Die Objekte wandern jetzt, bzw es werden an der vorderen Seite immer neue erstellt,
und hinten abgebaut (alle 500ms). Alle diese befinden sich in meiner root_group, ebenfalls das 
BoundingLeaf-objekt bounds.

Die TG wird mit einem Behavior bewegt, alle 40ms. Wie bekomme ich das jetzt syncronisiert,
also das die Kamera immer auf die neu erzeugten Objekte "sieht", sich also die TG gegen die
Laufrichtung der Objekte bewegt, so dass es so aussieht als stehe alles still.

Was muss ich jetzt machen, damit die Szene in der Kameraperspektive bleibt und
die standart Camera-Zoom, -Rotation, -Translation dann immer noch funktionieren ???

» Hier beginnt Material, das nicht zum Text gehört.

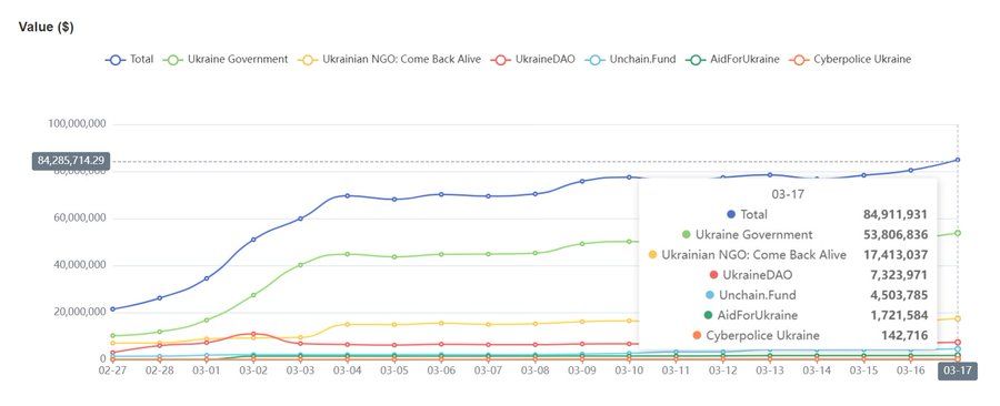 Berdasarkan pantauan SlowMist yang melacak aset kripto di blockchain hingga 17 Maret 2022 jam 3:25 UTC, total donasi dalam kripto untuk Pemerintah Ukraina sudah mencapai sekitar US$84,91 juta.
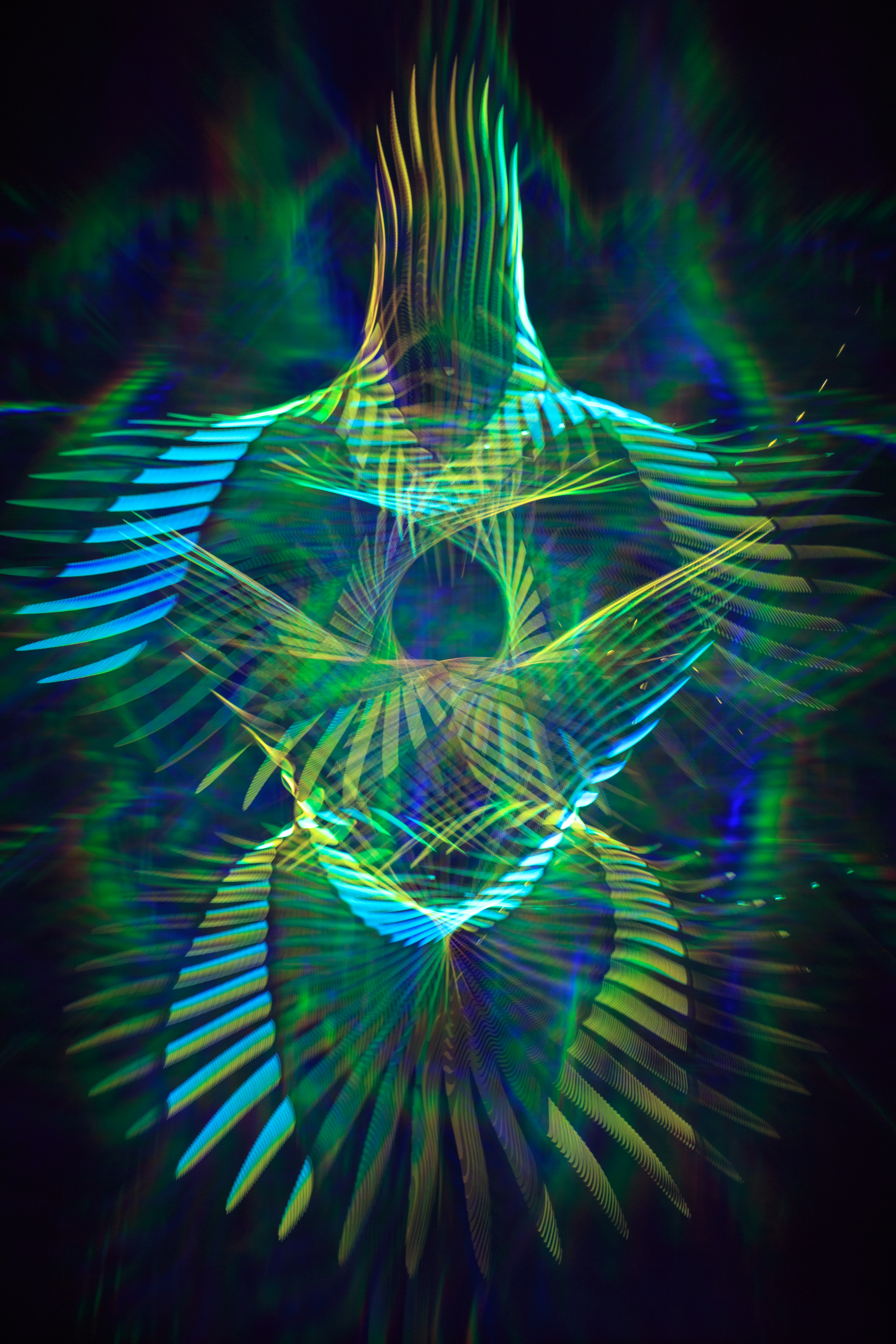 As my first tokenized art ever I present to you Positronic Man. This is a long exposure photo of an animation I made playing on a 4K monitor. I developed a process of making 3D animations specifically for light painting and the Synthetic Lifeforms series is a prime example of this technique in action. While the animation is playing, the camera is moving slowly on on a motorized mount. I opportunely add diffraction grating in front of the lens for the RGB glow.
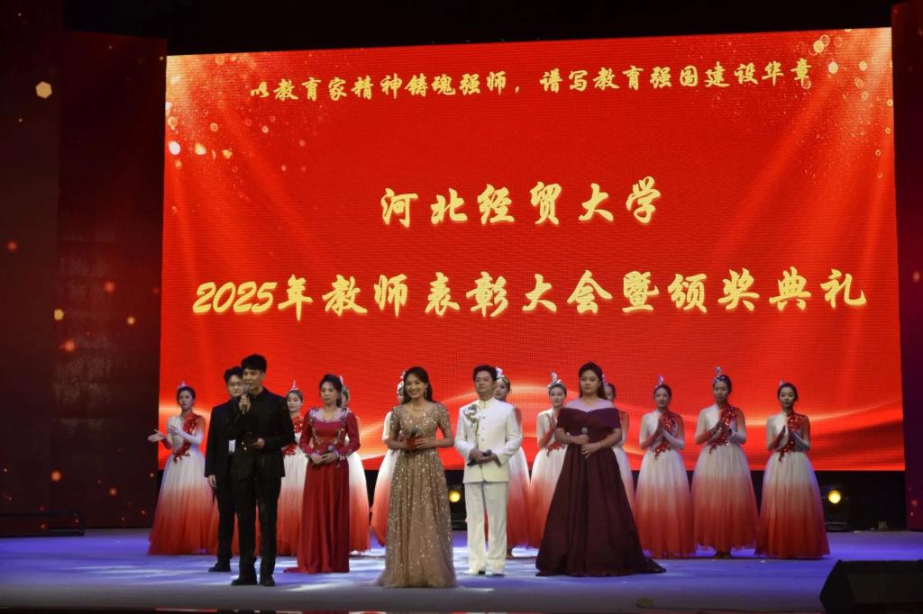 河北经贸大学举办2025年员工表彰大会暨颁奖典礼,必赢565net官网获得多项集体荣誉和个人荣誉。必赢565net官网党委副书记宋欣作为“员工工作先进单位代表”作典型发言。
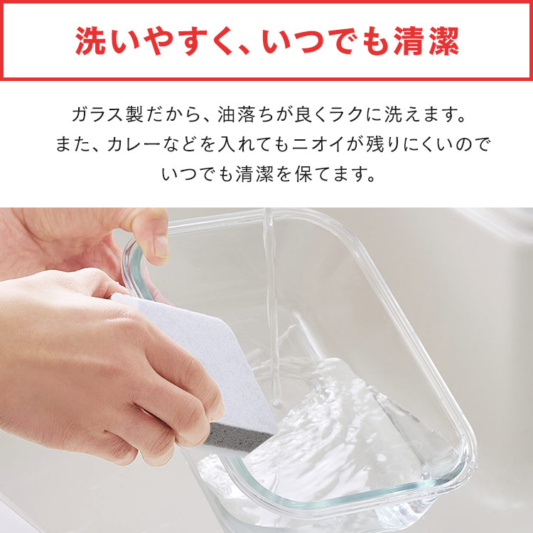 また、カレーなどを入れてもニオイが残りにくいのでいつでも清潔を保てます。
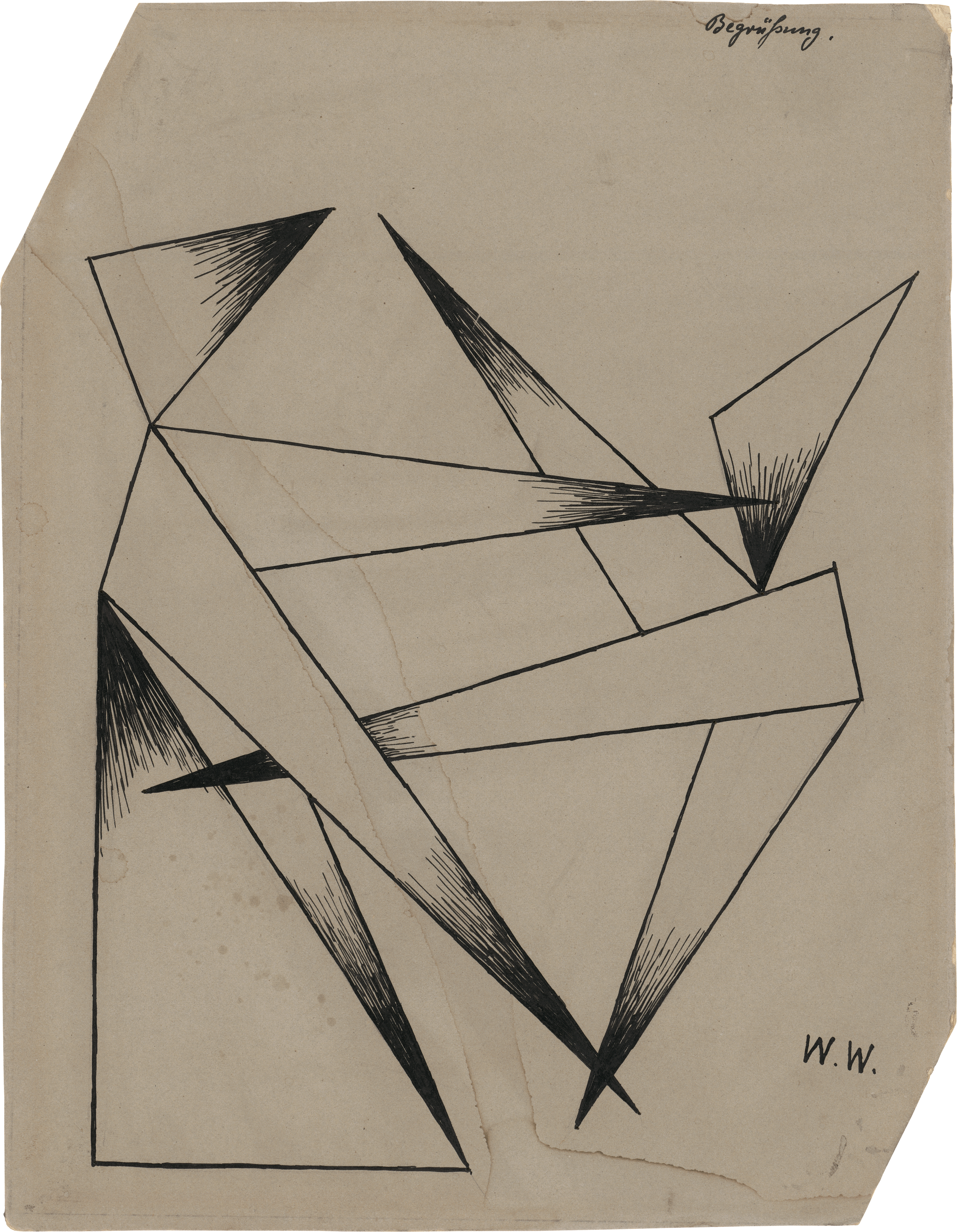 In raumgreifender Dynamik lässt Wauer aus schmalen Dreiecksformen die Begrüßung zweier Figuren entstehen. Die kontrastreiche Wirkung der Federschraffuren in den spitzen Ecken unterstreicht die Räumlichkeit und Bewegtheit der Darstellung. William Wauer, bereits seit 1912 Mitglied der Künstlergruppe "Der Sturm" in Berlin und dort einer der engsten Mitarbeiter Herwarth Waldens, zeichnet die spitzwinklig abstrahierte Komposition noch vor seiner Zeit am Bauhaus.  Beigegeben: Ein Siebdruck desselben Motivs von William Wauer, unten rechts mit der Stempelsignatur.
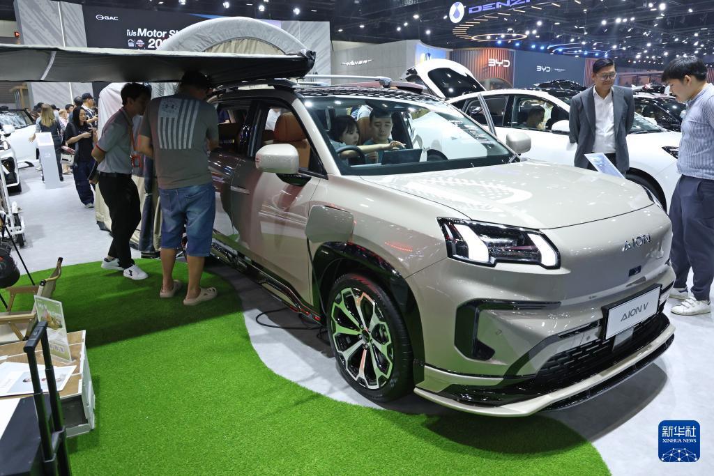 这是3月26日在泰国曼谷国际车展上拍摄的埃安V电动车。 第47届曼谷国际车展于3月25日至4月5日在泰国暖武里府举办。 新华社记者 孙玮彤 摄
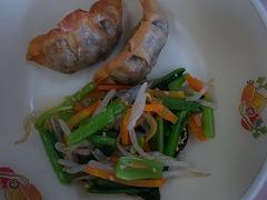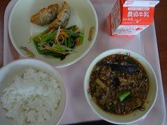 ↑今日の給食は、マーボナス、揚げ餃子、小松菜のナムルでした。マーボナスのナスは、美しい紫色で、このような美しい紫色になるところがプロのわざです。味も抜群、いつもおいしい給食をありがとうございます。
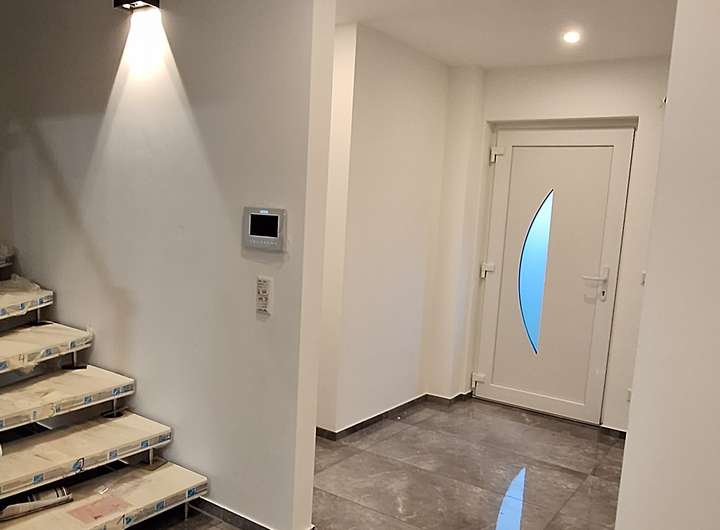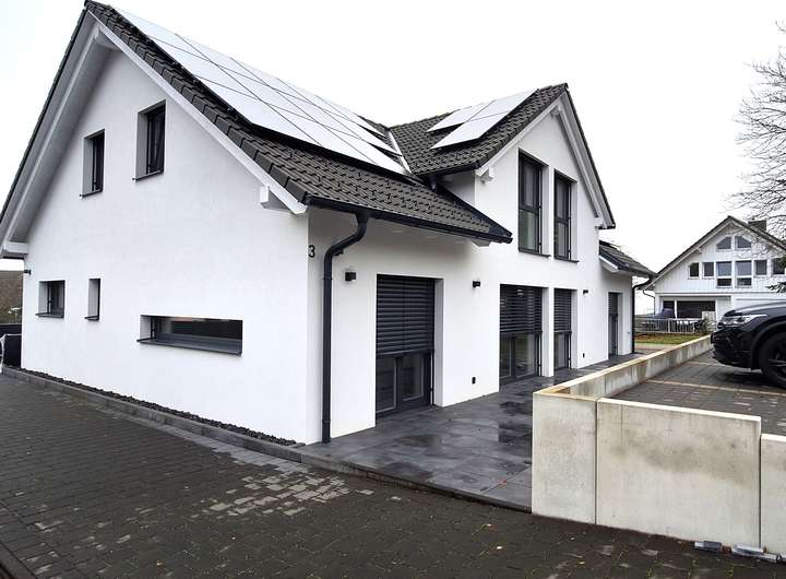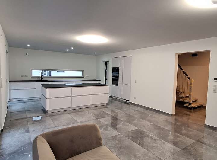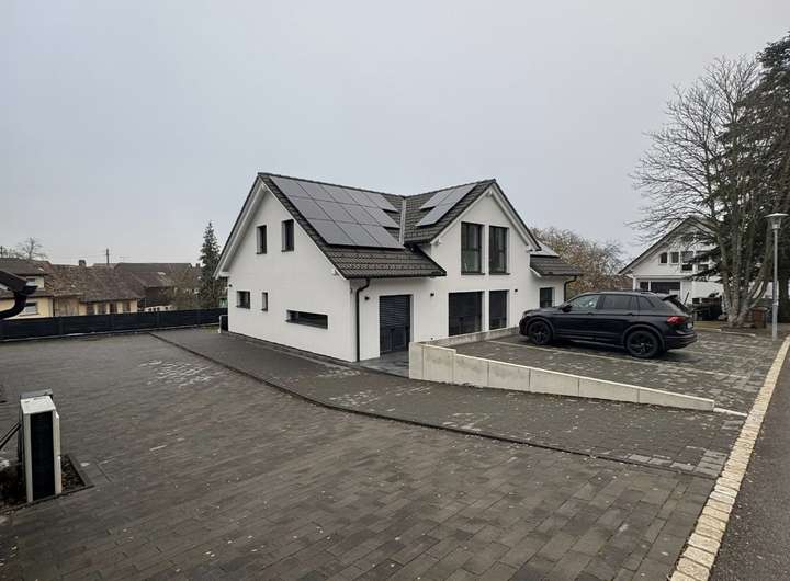 In einer sonnigen und ruhigen Wohnlage von Tengen-OT erwartet Sie ein moderner Neubau mit hochwertiger Innenausstattung und beeindruckendem Weitblick. Die Immobilie kommt Ihnen nahe der Grenze zur Schweiz und ist bestens an das öffentliche Verkehrsnetz angebunden. Innen begeistert die lichtdurchflutete und großzügige Raumaufteilung, die einen offenen Wohn- und Essbereich mit einer neuen Einbauküche als Highlight und Eyecatcher umfasst. Eine Fußbodenheizung sorgt für angenehme Wärme in allen Räumen, während die moderne Heiztechnik mit einer Wärmepumpe und einer Photovoltaikanlage umweltfreundlich ist. Anspruchsvolle Bewohner werden die Glattputzwände und die stilvollen LED-Spots sowie die großformatigen marmorierten Fliesen in den Wohn- und Schlafbereichen sowie auch in den Bädern zu schätzen wissen. Die Schlafräume verfügen über separate Ankleidezimmer. Zudem bietet ein Büroraum mit eigenem Eingang und WC gewerbliche Nutzungsmöglichkeiten. Auf dem Grundstück stehen bis zu 8 KFZ-Stellplätze zur Verfügung.
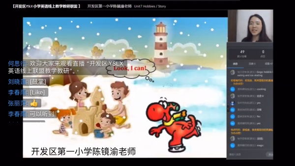 此次四校联盟研讨中,除了四校的英语教师、英语科组长和区英语中心教研组组长参加外,还邀请了开发区第一小学蔡长青副校长、开发区第一小学李春雨副主任及其他兄弟学校的部分英语教师一同参加了研讨。活动首先通过线上同课异构的教学形式,分享了联盟学校过去两个月英语线上教学的情况;主要由开发区第一小学陈镜渝老师和第四小学孙意云老师进行线上直播教学,她们以不同的教学形式展示了四年级下册“Unit7 Hobbies(Story)”的教学。她们在授课过程中,利用钉钉平台的连麦、语音、互动面板等功能,营造活跃互动的课堂氛围。
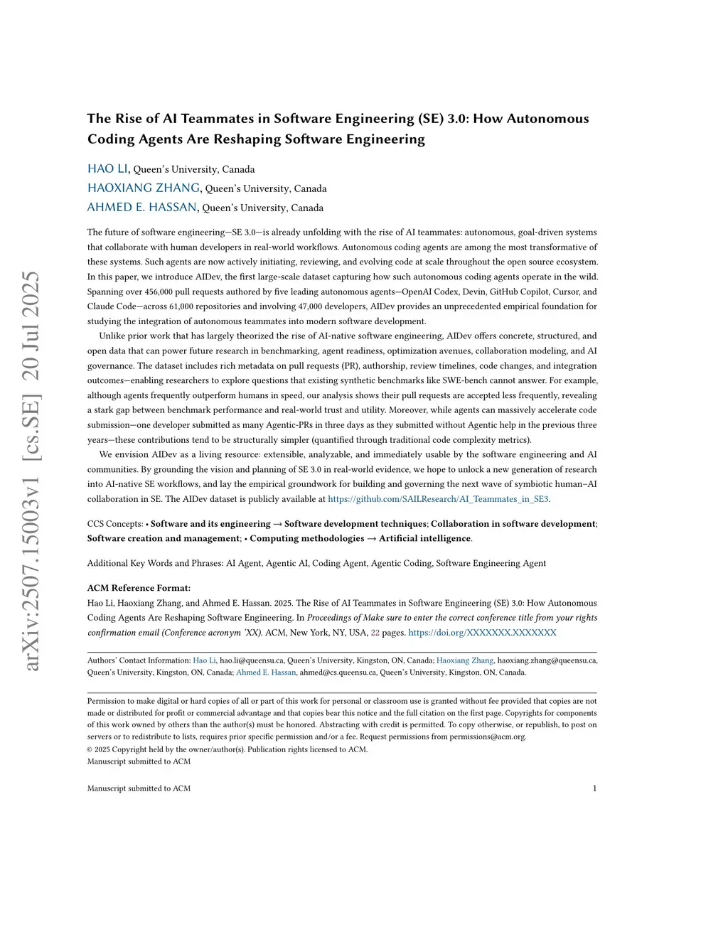 The future of software engineering--SE 3.0--is unfolding with the rise of AI teammates: autonomous, goal-driven systems collaborating with human developers. Among these, autonomous coding agents are especially transformative, now actively initiating, reviewing, and evolving code at scale. This paper introduces AIDev, the first large-scale dataset capturing how such agents operate in the wild. Spanning over 456,000 pull requests by five leading agents--OpenAI Codex, Devin, GitHub Copilot, Cursor, and Claude Code--across 61,000 repositories and 47,000 developers, AIDev provides an unprecedented empirical foundation for studying autonomous teammates in software development.Unlike prior work that has largely theorized the rise of AI-native software engineering, AIDev offers structured, open data to support research in benchmarking, agent readiness, optimization, collaboration modeling, and AI governance. The dataset includes rich metadata on PRs, authorship, review timelines, code changes, and integration outcomes--enabling exploration beyond synthetic benchmarks like SWE-bench. For instance, although agents often outperform humans in speed, their PRs are accepted less frequently, revealing a trust and utility gap. Furthermore, while agents accelerate code submission--one developer submitted as many PRs in three days as they had in three years--these are structurally simpler (via code complexity metrics).We envision AIDev as a living resource: extensible, analyzable, and ready for the SE and AI communities. Grounding SE 3.0 in real-world evidence, AIDev enables a new generation of research into AI-native workflows and supports building the next wave of symbiotic human-AI collaboration. The dataset is publicly available atthis https URL.> AI Agent, Agentic AI, Coding Agent, Agentic Coding, Software Engineering Agent
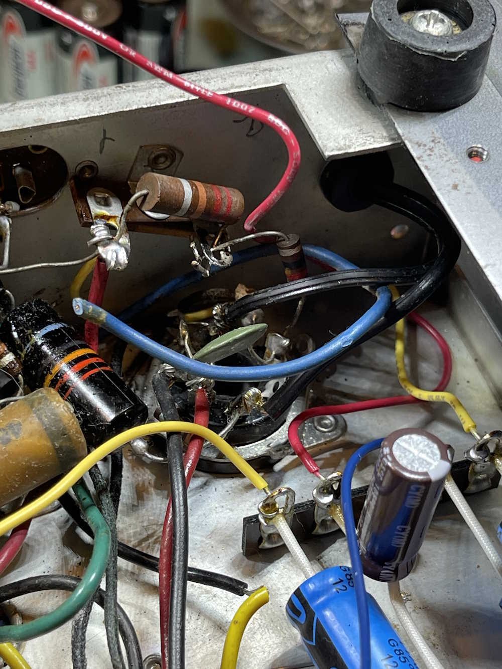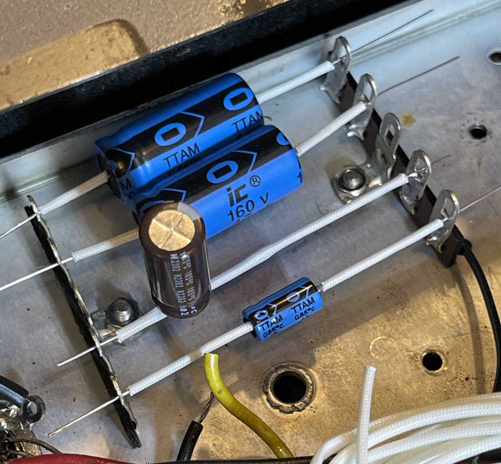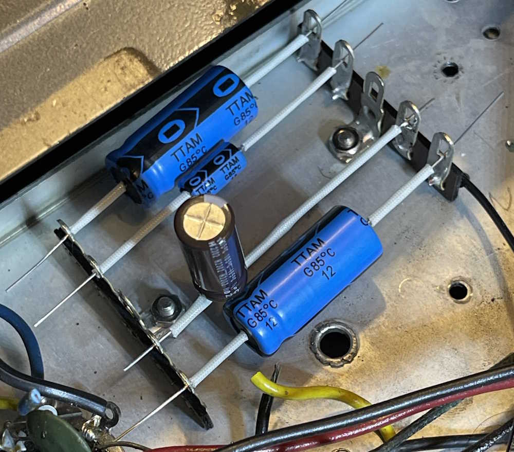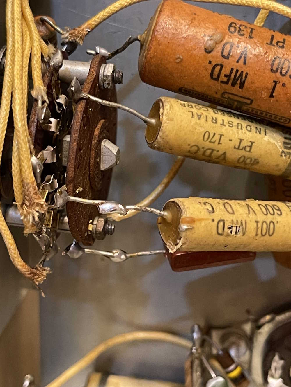 The original capacitor for this unit was a multi-unit paper tube, and I’m not going to dig the potting out of it to see if I can fit new parts inside. That’s just not going to work, and I don’t care about “looking original.” I decided to use the time-tested method of some solder lug strips and discrete capacitors.

Oder bin ich auf dem Holzweg ?

Danke


----------



## DeepBlue (3. Feb 2006)

Anonymous hat gesagt.:
			
		

> Was muss ich jetzt machen, damit die Szene in der Kameraperspektive bleibt und
> die standart Camera-Zoom, -Rotation, -Translation dann immer noch funktionieren ???
> 
> Danke



Also eigentlich sollte es reichen der ViewPlatform das gleiche Behavior zuzuweisen. Allerdings bezweifle ich, dass es eine einfache Möglichkeit gibt, wie trotzdem nocht Standard Zoom, Rotation und Translation funktionieren.


----------



## MPW (3. Feb 2006)

Also wenn ihr mich fragt, ist Java3D dazu zu langsam....hoert sich naemlich nach was action reichem an, und 200 ms hackelt ziemlich stark, ich wette, wenn du fertig bist, willst du es schneller haben und das wird dann ein Problem, wuerde es vllt. direkt in einer anderen Engine machen, die schneller ist...


----------



## DeepBlue (6. Feb 2006)

Warum sollte Java3D dafür zu langsam sein ? Wenn er jetzt einen Ego Shooter programmieren würde, dann würde ich dir zustimmen, aber so ein Equalizer, ist doch eigentlich ein nahezu perfektes Anwendungsgebiet für Java3D, da nur eine geringe Polygonanzahl vorhanden ist und ein "relativ simpler" Vorgang umgesetzt werden soll.


----------



## MPW (7. Feb 2006)

hm, aber die Performence ist das Problem, ich meine ich will keinen davon abhalten sowas zu probieren, bin aber der Meinung, wenn ich das mal so hochrechne, dass das schon einiges an Rechenleistung(fuer Java3D verhaeltnisse) braucht und will halt ein bisschen Entaeschungen vorbeugen;-)


----------